Yang terjadi terhadap Nabi Musa as.

26

وَقَالَ فِرْعَوْنُ ذَرُوْنِيْٓ اَقْتُلْ مُوْسٰى وَلْيَدْعُ رَبَّهٗۚ اِنِّيْٓ اَخَافُ اَنْ يُّبَدِّلَ دِيْنَكُمْ اَوْ اَنْ يُّظْهِرَ فِى الْاَرْضِ الْفَسَادَ ﴿٢٦﴾

Wa qāla fir‘aunu aqtul mūsā walyad‘u rabbah(ū), innī akhāfu ay yubaddila dīnakum au ay yuẓhira fil-arḍil-fasād(a).

Fir‘aun berkata (kepada pembesar-pembesarnya), “Biar aku yang membunuh Musa dan suruh dia memohon kepada Tuhannya.
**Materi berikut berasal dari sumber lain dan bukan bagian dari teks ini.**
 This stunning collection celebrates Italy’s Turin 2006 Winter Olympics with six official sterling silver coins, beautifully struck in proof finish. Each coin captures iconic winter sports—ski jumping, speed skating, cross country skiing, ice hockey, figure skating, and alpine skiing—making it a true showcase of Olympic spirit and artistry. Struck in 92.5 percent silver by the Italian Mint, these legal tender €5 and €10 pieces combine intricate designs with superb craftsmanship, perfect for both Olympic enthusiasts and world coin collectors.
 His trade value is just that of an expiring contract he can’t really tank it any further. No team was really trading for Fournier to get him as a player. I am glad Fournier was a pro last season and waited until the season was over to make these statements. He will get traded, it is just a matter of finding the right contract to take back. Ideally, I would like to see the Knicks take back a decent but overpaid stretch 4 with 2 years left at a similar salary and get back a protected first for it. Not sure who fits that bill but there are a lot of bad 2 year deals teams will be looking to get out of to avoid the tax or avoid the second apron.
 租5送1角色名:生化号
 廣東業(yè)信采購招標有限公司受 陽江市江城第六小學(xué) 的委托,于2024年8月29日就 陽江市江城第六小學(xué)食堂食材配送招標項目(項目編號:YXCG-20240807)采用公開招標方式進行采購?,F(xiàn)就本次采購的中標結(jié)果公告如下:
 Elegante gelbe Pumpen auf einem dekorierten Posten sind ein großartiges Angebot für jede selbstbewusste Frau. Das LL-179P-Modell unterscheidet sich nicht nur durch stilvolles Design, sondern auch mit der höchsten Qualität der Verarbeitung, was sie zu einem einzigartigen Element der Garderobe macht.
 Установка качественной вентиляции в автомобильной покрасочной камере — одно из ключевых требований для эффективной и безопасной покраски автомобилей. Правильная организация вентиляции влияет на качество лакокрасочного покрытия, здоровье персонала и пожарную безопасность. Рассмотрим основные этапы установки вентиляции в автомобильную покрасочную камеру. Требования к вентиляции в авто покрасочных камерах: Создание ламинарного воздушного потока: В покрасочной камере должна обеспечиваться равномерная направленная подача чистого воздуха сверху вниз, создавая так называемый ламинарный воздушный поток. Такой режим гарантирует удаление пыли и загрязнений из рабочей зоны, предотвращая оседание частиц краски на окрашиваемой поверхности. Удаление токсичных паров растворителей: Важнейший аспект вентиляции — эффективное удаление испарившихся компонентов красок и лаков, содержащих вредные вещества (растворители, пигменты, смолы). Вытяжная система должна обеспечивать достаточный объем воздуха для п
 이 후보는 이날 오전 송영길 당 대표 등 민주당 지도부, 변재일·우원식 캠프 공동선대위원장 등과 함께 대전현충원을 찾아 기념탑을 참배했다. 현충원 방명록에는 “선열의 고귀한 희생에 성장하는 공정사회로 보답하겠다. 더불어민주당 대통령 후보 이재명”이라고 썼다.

Sesungguhnya aku khawatir (bahwa) dia akan menukar agamamu atau menimbulkan kerusakan di bumi.”

27

وَقَالَ مُوْسٰىٓ اِنِّيْ عُذْتُ بِرَبِّيْ وَرَبِّكُمْ مِّنْ كُلِّ مُتَكَبِّرٍ لَّا يُؤْمِنُ بِيَوْمِ الْحِسَابِࣖ ﴿٢٧﴾

Wa qāla mūsā innī ‘użtu birabbī wa rabbikum min kulli mutakabbiril lā yu'minu biyaumil-ḥisāb(i).
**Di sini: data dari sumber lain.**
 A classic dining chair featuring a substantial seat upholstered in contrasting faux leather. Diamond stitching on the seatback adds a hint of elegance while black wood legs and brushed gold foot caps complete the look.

Musa berkata, “Sesungguhnya aku berlindung kepada Tuhanku dan Tuhanmu dari setiap orang yang menyombongkan diri yang tidak beriman kepada hari Perhitungan.”

28

وَقَالَ رَجُلٌ مُّؤْمِنٌۖ مِّنْ اٰلِ فِرْعَوْنَ يَكْتُمُ اِيْمَانَهٗٓ اَتَقْتُلُوْنَ رَجُلًا اَنْ يَّقُوْلَ رَبِّيَ اللّٰهُ وَقَدْ جَاۤءَكُمْ بِالْبَيِّنٰتِ مِنْ رَّبِّكُمْۗ وَاِنْ يَّكُ كَاذِبًا فَعَلَيْهِ كَذِبُهٗۚ وَاِنْ يَّكُ صَادِقًا يُّصِبْكُمْ بَعْضُ الَّذِيْ يَعِدُكُمْۗ اِنَّ اللّٰهَ لَا يَهْدِيْ مَنْ هُوَ مُسْرِفٌ كَذَّابٌ ﴿٢٨﴾

Wa qāla rajulum mu'min(um), min āli fir‘auna yaktumu īmānahū ataqtulūna rajulan ay yaqūla rabbiyallāhu wa qad jā'akum bil-bayyināti mir rabbikum, wa iy yaku kāżiban fa ‘alaihi każibuh(ū), wa iy yaku ṣādiqay yuṣibkum ba‘ḍul-lażī ya‘idukum, innallāha lā yahdī man huwa musrifun każżāb(un).

Seorang laki-laki mukmin dari keluarga Fir‘aun yang menyembunyikan imannya berkata, “Apakah kamu akan membunuh seseorang karena dia berkata, ‘Tuhanku adalah Allah.’ Padahal, sungguh dia telah datang kepadamu dengan membawa bukti-bukti yang nyata dari Tuhanmu. Jika dia seorang pendusta, dialah yang akan menanggung (dosa) dustanya itu, dan jika dia seorang yang benar, niscaya sebagian (bencana) yang diancamkan kepadamu akan menimpamu. Sesungguhnya Allah tidak memberi petunjuk kepada orang yang melampaui batas lagi pendusta.